Thanks everybody for your great advice on training for my GSD. I am pretty confined by finances and I most certainly cant afford any "trainers to the stars and their multi-millionaire people" (My budget would be more in line with "Crazy Larry's Train em for a Fifty Spot" LOL). Nevertheless I will take everything into consideration and try to find training that will be best for my GSD and our family, with a little bit more wisdom now thanks to the wonderful help that I am receiving on this site! Thanks again.


----------



## Skye'sMom (Jul 11, 2004)

Petsmart trainers are like any trainer - there are good and bad. Actually one of the trainers that works with us in our training program is actually also a PetsMart trainer. She is great and you could get no better. She has about 15 years of experience and is much respected.

Go observe a few classes. See what you think of them.

You might also want to google trainers in your city/state. Classes may not be as expensive as you think elsewhere. Ours are $20 less for 8 weeks than PetsMart.

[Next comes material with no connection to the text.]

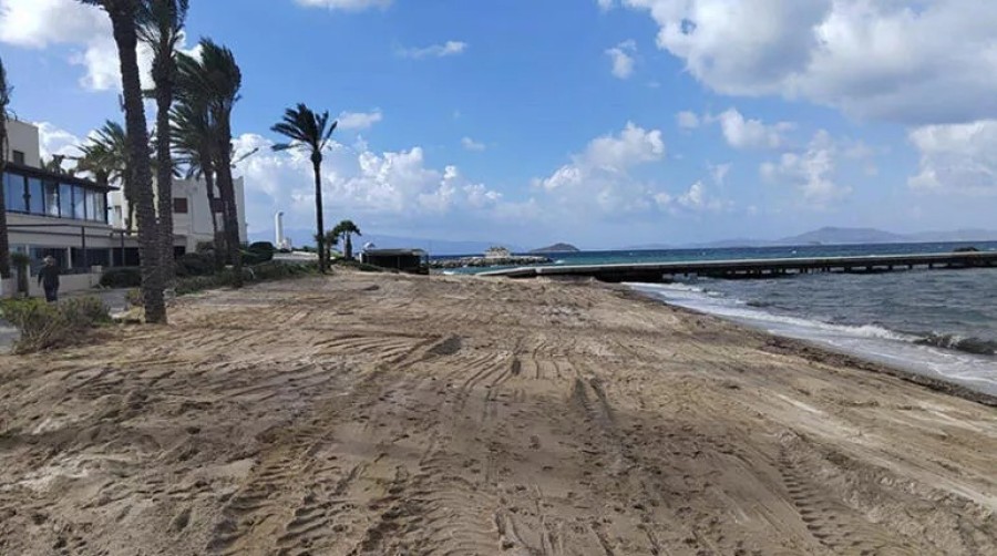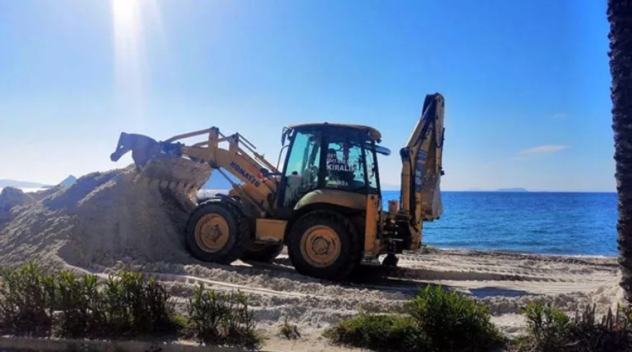Muğla'nın Bodrum ilçesinde, bir otelin önündeki sahile beyaz kum dökülmesiyle ilgili işlem yapıldı. Belediye ekipleri tarafından kum kaldırıldı. Son dönemlerde Bodrum'un doğal kumsallarının Maldivler özlemiyle beyaz kumla kaplanmaya çalışıldığını belirten Bodrum Belediye Başkanı Ahmet Aras, "Getirilen kumların niteliğinin ne olduğu belli değil. Dökülen beyaz kumların insan sağlığına zararlı olduğunu da görebiliyoruz. Kumun deniz suyuyla buluştuğunda bir balçık gibi denizin dibini sıvadığını ve ekosistemi bozduğunu görüyoruz" ifadelerini kullandı.

No matter where you go for training, check them out. Ask a lot of questions, find out what their style is.


----------



## Cooper&me (Dec 18, 2007)

I think socialization is fine ther. I would never use it for anything more. I am (hopefully) getting a 10 week pup this week-end and I have signed up for Petsmart class and a regular trainer. This gives me two places. I did this with my boxer and she is awesome. I put A TON of time and energy into socialization. It was like a job. every day we did something.
Best of luck. It is an exciting time isn't it?


----------



## tracyc (Feb 23, 2005)

> Quote: I put A TON of time and energy into socialization. It was like a job. every day we did something.


Bravo to you! I also think that puppy socialization is a super-important key to rasing a well-adjusted companion dog. It is so often overlooked. Even if a dog never gets any formal "training" to be able to do obedience skills, a properly socialized puppy will get you most of the way to having a good pet--one that isn't fearful, and knows how to behave around all the things life throws at them. Training is important. But socialization is even more important in my book.


----------



## Cassidy's Mom (Mar 30, 2003)

> Originally Posted By: Grey PilgrimI am pretty confined by finances and I most certainly cant afford any "trainers to the stars and their multi-millionaire people" (My budget would be more in line with "Crazy Larry's Train em for a Fifty Spot" LOL).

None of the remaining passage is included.